Knowing God, Chapter One — The Study of God
// June 12th, 2009 // Comments Off // Books, Knowing God - J.I. Packer
Current Mood:
Happy
I’ve had this book for YEARS, and I’ve never made it all the way through. That’s not the fault of the author; I just have ADD when it comes to books, especially theological ones. I read some of this, some of that and then back to some of this. As I’ll be going back to school this fall, I’m trying to discipline myself as far as reading and Bible study go. So here I am, starting this excellent book again.
In Chapter one, Packer establishes that the study of God is CRUCIAL for everyone:
Knowing about God is crucially important for the living of our lives.….we are cruel to ourselves if we try to live in the world without knowing about the God whose world it is and who runs it. Disregard the study of God and you sentence yourself to stumble and blunder through life blindfolded, as it were, with no sense of direction and no understanding of what surrounds you. This way you can waste your life and lose your soul.
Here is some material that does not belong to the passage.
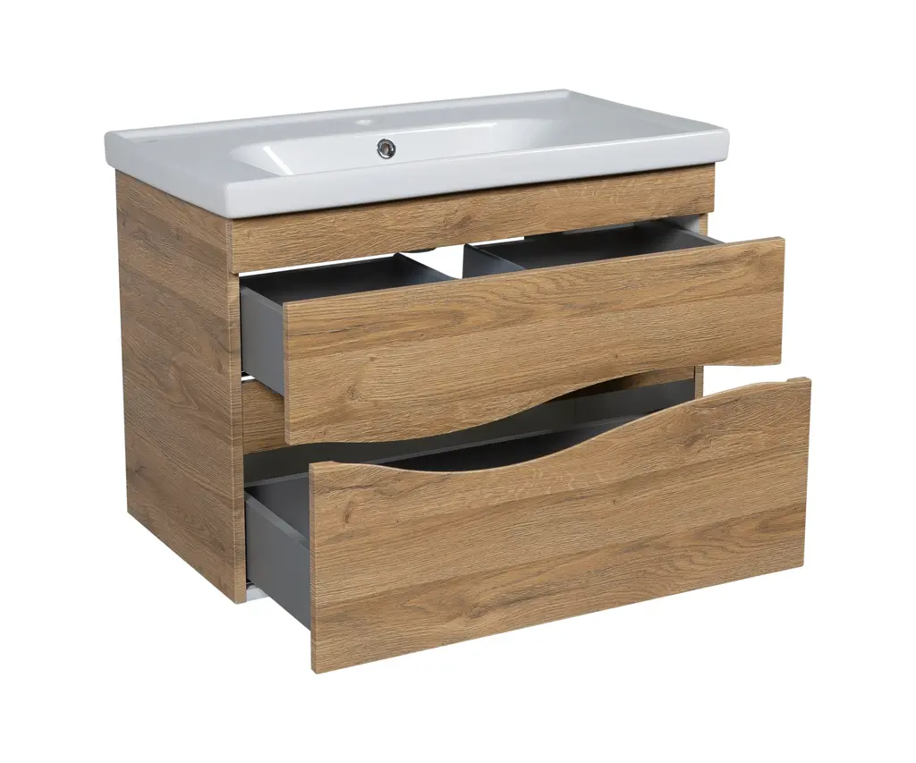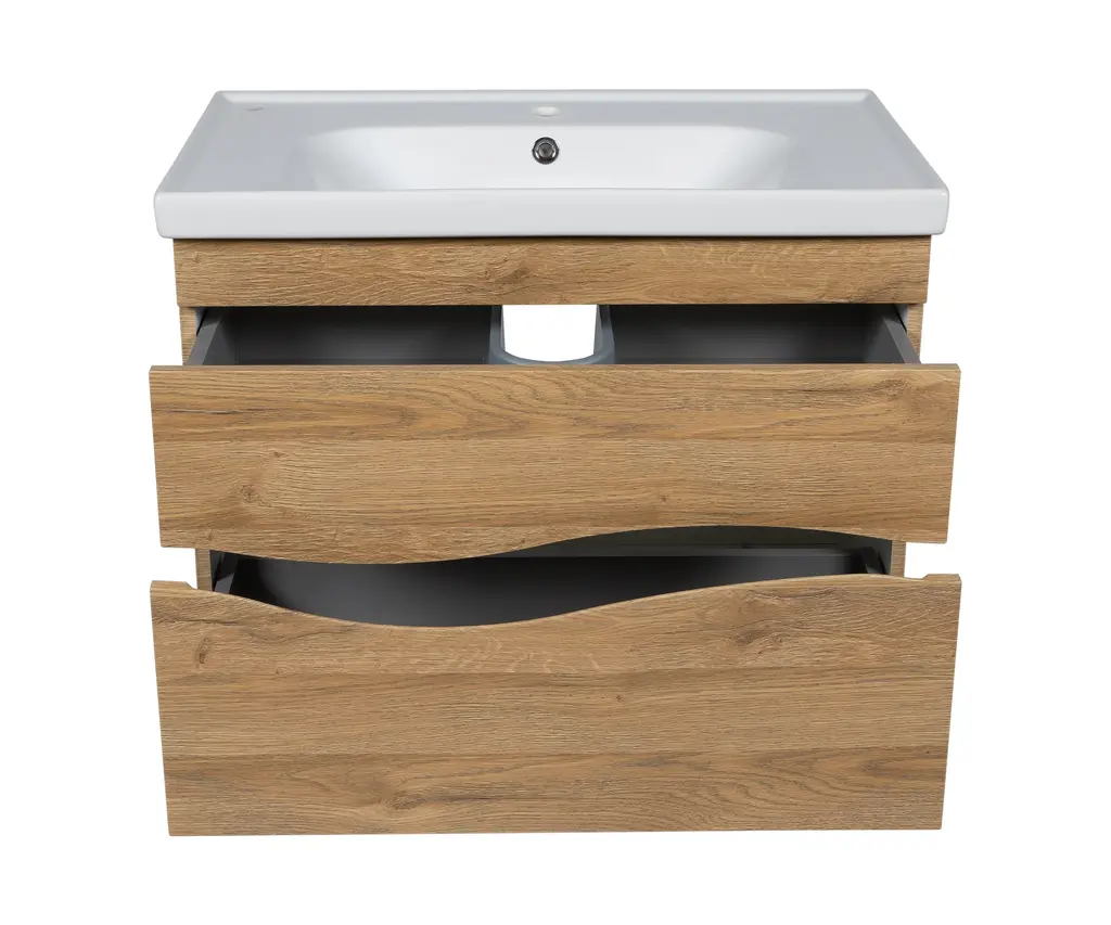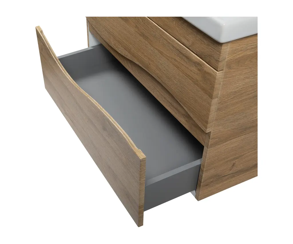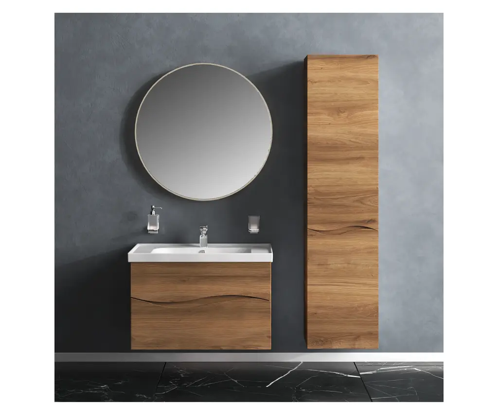 STANDART SET INCLUDES: Vanity with Washbasin Wave Teak Natural in size 32" and mirror Simple 32" sizeMATERIALS: Materials are resistant to humidity and temperature fluctuationsFINISHING: fronts and sides covered with three layers of primer and two layers of polyurethane paint manufactured by the Italian company “KEMICHAL”.EUROPEAN QUALITY: Furniture fittings certified and meet the European quality standards. Partial extension soft closing rails “Blum Tandem” (Austria)FURNITURE High-quality washbasinsStandard Set Includes Vanity with WashbasinThe stylish WAVE collection: impeccable furniture for the bathroomEnchanting furniture with a unique design captivates at first sight, inviting you to enjoy all the benefits of beauty and comfort. It is a great purchase for special interiors, where the restrained luxury subtly speaks of the discerning taste of the owners. The authentic design, the highest quality materials, and the thoughtfulness of the smallest components. That is the secret of the popularity of the legendary collection.The designer line Wave is the first among the bestThe model collection consists of a console cabinet with the Frame sink and an additional console cabinet of various sizes.The products are available for order in several color solutions:Gray Matt;Rosewood;High Gloss White;Natural Teak;White Gloss PVC;The unique feature of the "Wave" collection is the LED backlighting of the original pattern applied using sandblasting. The mirror panels are made by the Belgian company "AGC".The hardware is certified and meets world quality standards. Partially extendable "Blum", "Tandem" mechanisms (Austria) are used. All doors have a soft close mechanism. The technology of concealed mechanisms ensures smooth movement of drawers, making their use even more comfortable.The "CeraStyle" (Turkey) sink is made of quality ceramic resistant to temperature and mechanical effects.The facade and side panels are coated with three layers of primer and painted with two layers of glossy polyurethane paint produced by "KEMICHAL" (Italy).The colorful furniture will become the central element of any interior and will not go unnoticed. The well-thought-out storage system will pleasantly surprise you with its impeccable practicality.The main advantages of the Alpha furniture collection areThe combination of innovative technologies and the best traditions produces premium bathroom furnitureThe elegant designs and mirrors with imaginative patterns surrounded by LED lights turn ordinary furniture into an aristocratic work of art;The collection is made using materials from leading global brands, ensuring the longevity and ecological sustainability of the product;The high level of material resistance to moisture, mechanical and temperature influences, ultraviolet rays, mold, etc;Maintaining the original shape, functionality, and color for several decades, with basic operating rules followed;Individual approach to manufacturing orders - the ability to choose the necessary dimensions and color of cabinets and stands;Everyday surface care does not require expensive tools or much time;The Wave model line harmoniously combines with both classic and modern interiors. Recommended styles include retro, classic, minimalism, Scandinavian, hi-tech, eco, constructivism, contemporary, Eastern, and others.;Furniture of the highest quality and luxurious design will create an atmosphere of respectability and comfort. Wave is a radiant collection for true romantics.

He then provides five basic truths that Christians know about God as a guide on our journey of studying God:
1. God has spoken to man, and the Bible is his Word, given to us to make us wise unto salvation.
2. God is Lord and King over his world; he rules all things for his own glory, displaying his perfections in all that he does, in order that men and angels may worship and adore him.
3. God is Savior, active in sovereign love through the Lord Jesus Christ to rescue believers from the guilt and power of sin, to adopt them as his children and to bless them accordingly.
4. God is triune; there are within the Godhead three persons, the Father, the Son, and the Holy Spirit, and the work of salvation is one in which all three act together, the Father purposing redemption, the Son securing it, and the Spirit applying it.
5. Godliness means responding to God’s revelation in trust and obedience, faith and worship, prayer and praise, submission and service. Life must be seen and lived in light of God’s Word. This, and nothing else, is true religion.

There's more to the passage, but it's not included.